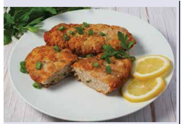
SHNITZEL TENDER FRIED PORK SCHNITZEL.
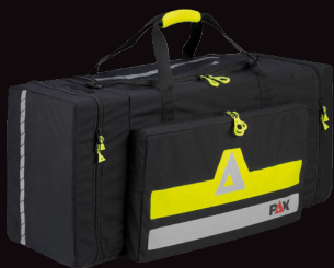
PAX Firefighter Kit Bag
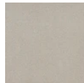
Soft Silver Paint
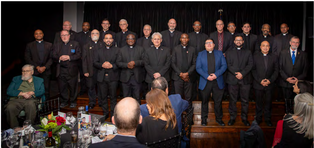
Clergy for the Diocese of Dallas recognized for their service.
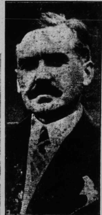
Finance Minister of Canada

prepriation made at the special war session. Taking all expenditures into consideration, the increase of Canada's debt for the present year would
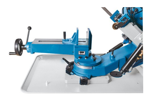
Reduced down-time: precisely adjustable angular stops and quick-action clamping at the vise
◇ ◇ ◇ ◇ ◇ ◇ ◇
== Exercise brief ==
Please set down the records above word for word and omit their pictures.

== Task response ==
SHNITZEL TENDER FRIED PORK SCHNITZEL.
PAX Firefighter Kit Bag
Soft Silver Paint
Clergy for the Diocese of Dallas recognized for their service.
Finance Minister of Canada

prepriation made at the special war session. Taking all expenditures into consideration, the increase of Canada's debt for the present year would
Reduced down-time: precisely adjustable angular stops and quick-action clamping at the vise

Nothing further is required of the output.